Zaczęło się zupełnie normalnie- od śniadania. Nie to nie było śniadanie tylko kolacja z facetem, za którym szalały wszystkie dziewczyny. A ja jedyna nic w nim nie widziałam. No może nie ja jedna, ale byłam jedną z niewielu. Podkreślam byłam, bo już nie jestem. Nie, ja nie szaleję za tym facetem...JA GO KOCHAM!!! Stało się i nie mogę tego odwrócić. Tym facetem jest...


Rozdział 1
- Dzyńńńńń, dzyńńńń!- ten głupi budzik kiedyś doprowadzi mnie do szału. Niestety dzieliłam pokój z młodszą siostrą i musiałam się zgodzić na ten okropny dźwięk budzący mnie każdego ranka punktualnie o godzinie siódmej.
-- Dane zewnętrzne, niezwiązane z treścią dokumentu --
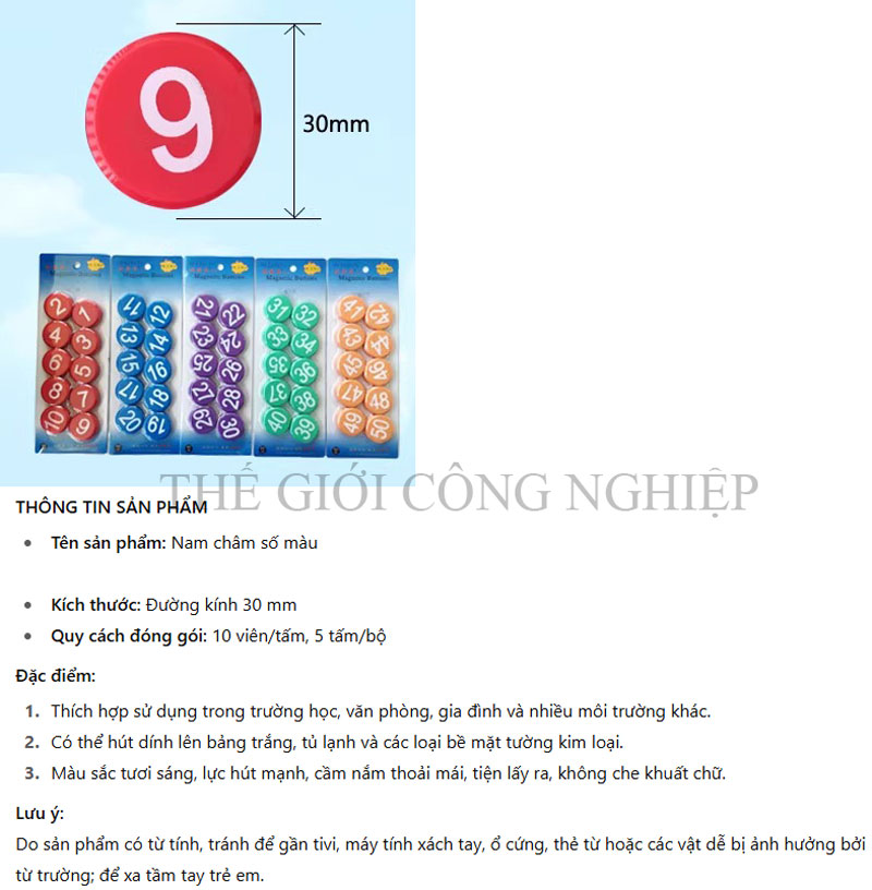 Sản phẩm có màu sắc tươi sáng (đỏ, cam, vàng, xanh, tím…) giúp phân biệt nhóm số hoặc hỗ trợ hoạt động học tập. Các viên nam châm nhẹ, viền bo tròn mềm mại, thuận tiện cho trẻ em cầm nắm, xếp đặt mà không gây nguy hiểm. Lực hút đủ mạnh để giữ 4–6 tờ giấy A4 hoặc thẻ học liệu mà không bị rơi.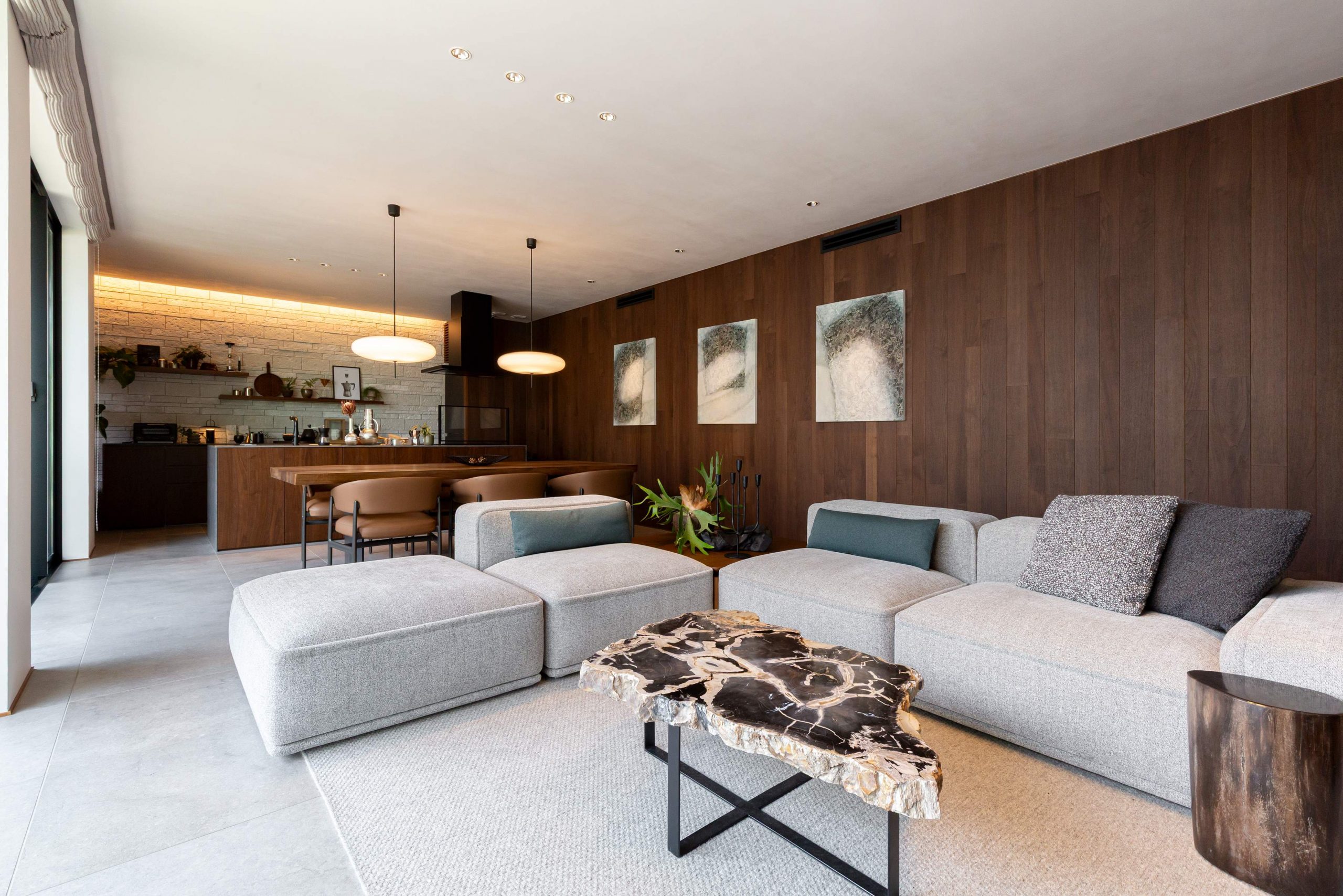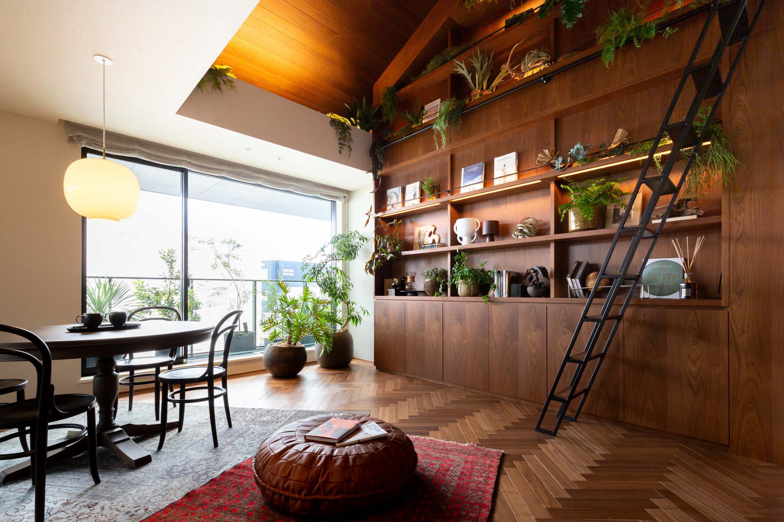 階高を上げた大きな壁面を木貼り仕上げとし、シックにまとめたヴィンテージモダンのインテリア

Anette jak zwykle była już na nogach. Nuciła jakąś wesołą melodię. Nie dziwię jej się- w końcu ile jest takich przypadków, że facet, który ci się podoba zaprasza cię na randkę?! No cóż chyba niewiele. W każdym razie Anette była zadowolona i już od rana przeszukiwała olbrzymią szafę z nadzieją, że znajdzie coś odpowiedniego na tą okazję.
- Anette, zamknij się na moment, bo nie słyszę własnych myśli- mruknęłam spod koca
- Oj ty obiboku. Czas wstawać!!!- widać było, że jest cholernie zadowolona, co ostatnimi czasy dość rzadko jej się zdarzało. Nie chciałam tego popsuć, więc zwlokłam się z wyrka i z miną męczennicy poczłapałam do łazienki. Dzień zapowiadał się "wspaniale". Anette pójdzie na randkę, a ja będę musiała odrabiać za nią prace domową zadaną prze psorka od eliksirów- Snape'a. Anette chodziła do Hogwartu, tak jak ja. Była już czwarty rok, ja szósty. Jednak prawie wszystkie prace związane z eliksirami odrabiałam za nią. Uczyłam się nawet nieźle, a eliksiry były moim ulubionym przedmiotem, mimo że byłam gryfonką.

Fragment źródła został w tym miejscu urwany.